TL;DR
This paper introduces a new evaluation framework for sparse autoencoders that assesses their ability to produce interpretable monosemantic features, especially for polysemous words, revealing insights into their internal mechanisms and limitations.
Contribution
It proposes a suite of semantic evaluation metrics for SAEs, highlighting their strengths and weaknesses in capturing polysemy, and offers insights into how LLMs distinguish multiple meanings within words.
Findings
SAEs optimized for MSE-L0 may reduce interpretability.
Deeper layers and Attention modules help distinguish polysemy.
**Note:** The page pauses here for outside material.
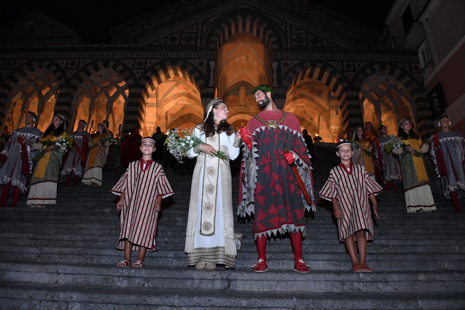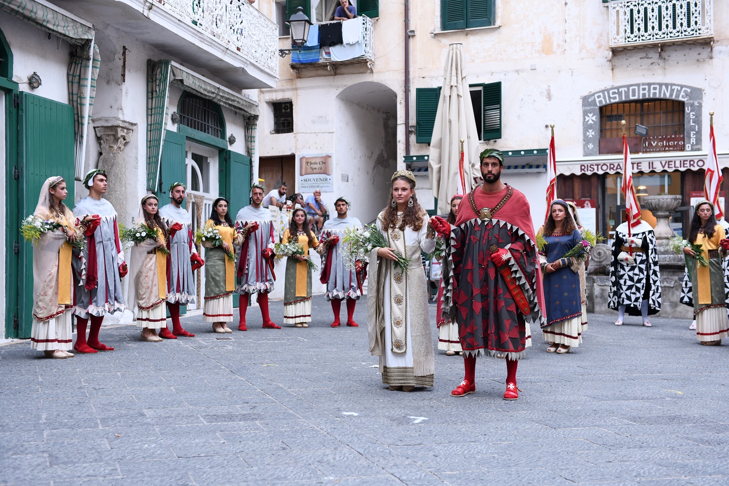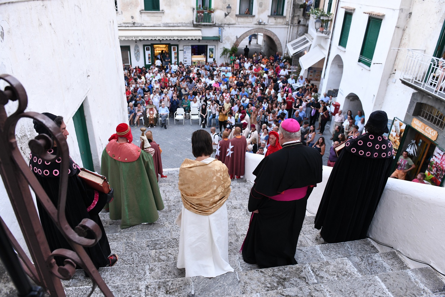 L’investitura, avvenuta dopo che il sontuoso corteo storico rievocativo ha attraversato l’intero centro di Amalfi ed ha raggiunto Atrani, ha seguito l’antico rito dell’incoronazione dei Duchi di Amalfi. Dopo i saluti del sindaco di Atrani Luciano de Rosa Laderchi e del sindaco di Amalfi Daniele Milano, che ha dato lettura in italiano della motivazione dell’assegnazione del riconoscimento, c’è stato il momento dell’investitura, con la lettura della formula rituale in latino da parte dell’arcivescovo della diocesi di Amalfi – Cava monsignor Orazio Soricelli e la vestizione della stola, scelta in luogo della cappa finora utilizzata per gli uomini.
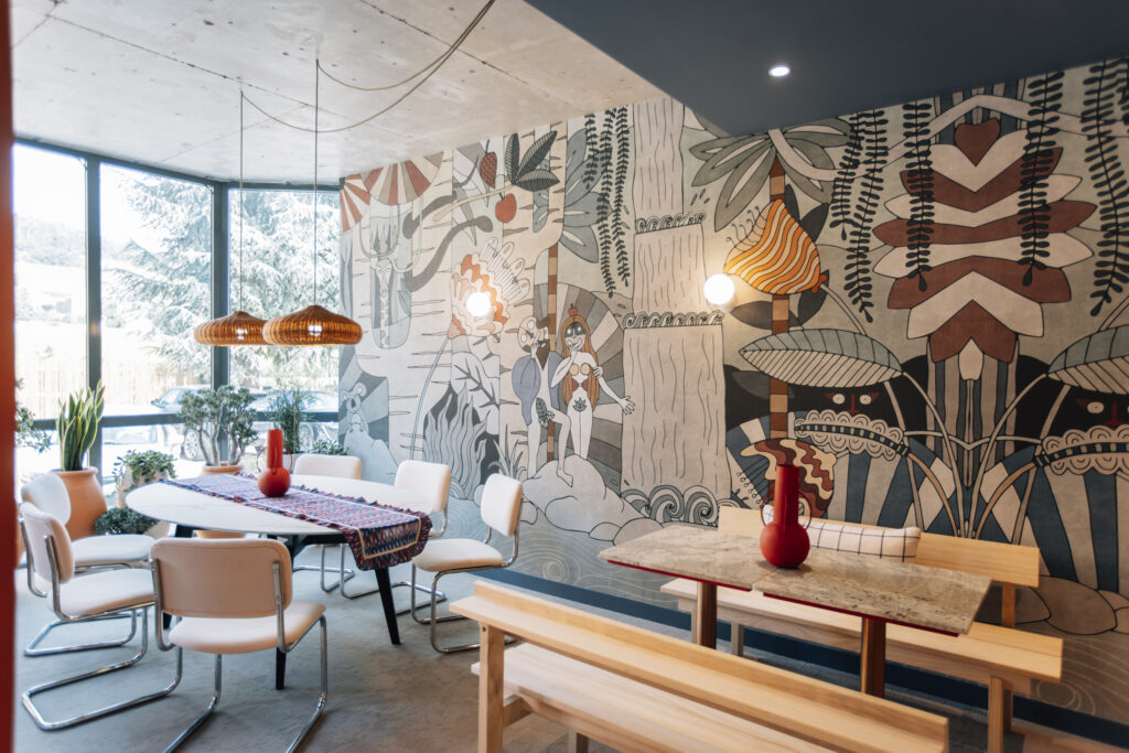 Vous apprécierez notre carte de burgers et frites faits maison, sur place ou à emporter ! Découvrez aussi nos planches pour accompagner vos apéritifs. Côté déco, le papier peint « aux jardins des délices » avec Adam et Eve qui vont croquer la pomme, les chaises françaises et incontournables 510 originale, du marbre, du granit pour une ambiance moderne et ludique.

Semantic evaluation reveals limitations of traditional SAE metrics.
Abstract
Sparse autoencoders (SAEs) have gained a lot of attention as a promising tool to improve the interpretability of large language models (LLMs) by mapping the complex superposition of polysemantic neurons into monosemantic features and composing a sparse dictionary of words. However, traditional performance metrics like Mean Squared Error and L0 sparsity ignore the evaluation of the semantic representational power of SAEs -- whether they can acquire interpretable monosemantic features while preserving the semantic relationship of words. For instance, it is not obvious whether a learned sparse feature could distinguish different meanings in one word. In this paper, we propose a suite of evaluations for SAEs to analyze the quality of monosemantic features by focusing on polysemous words. Our findings reveal that SAEs developed to improve the MSE-L0 Pareto frontier may confuse…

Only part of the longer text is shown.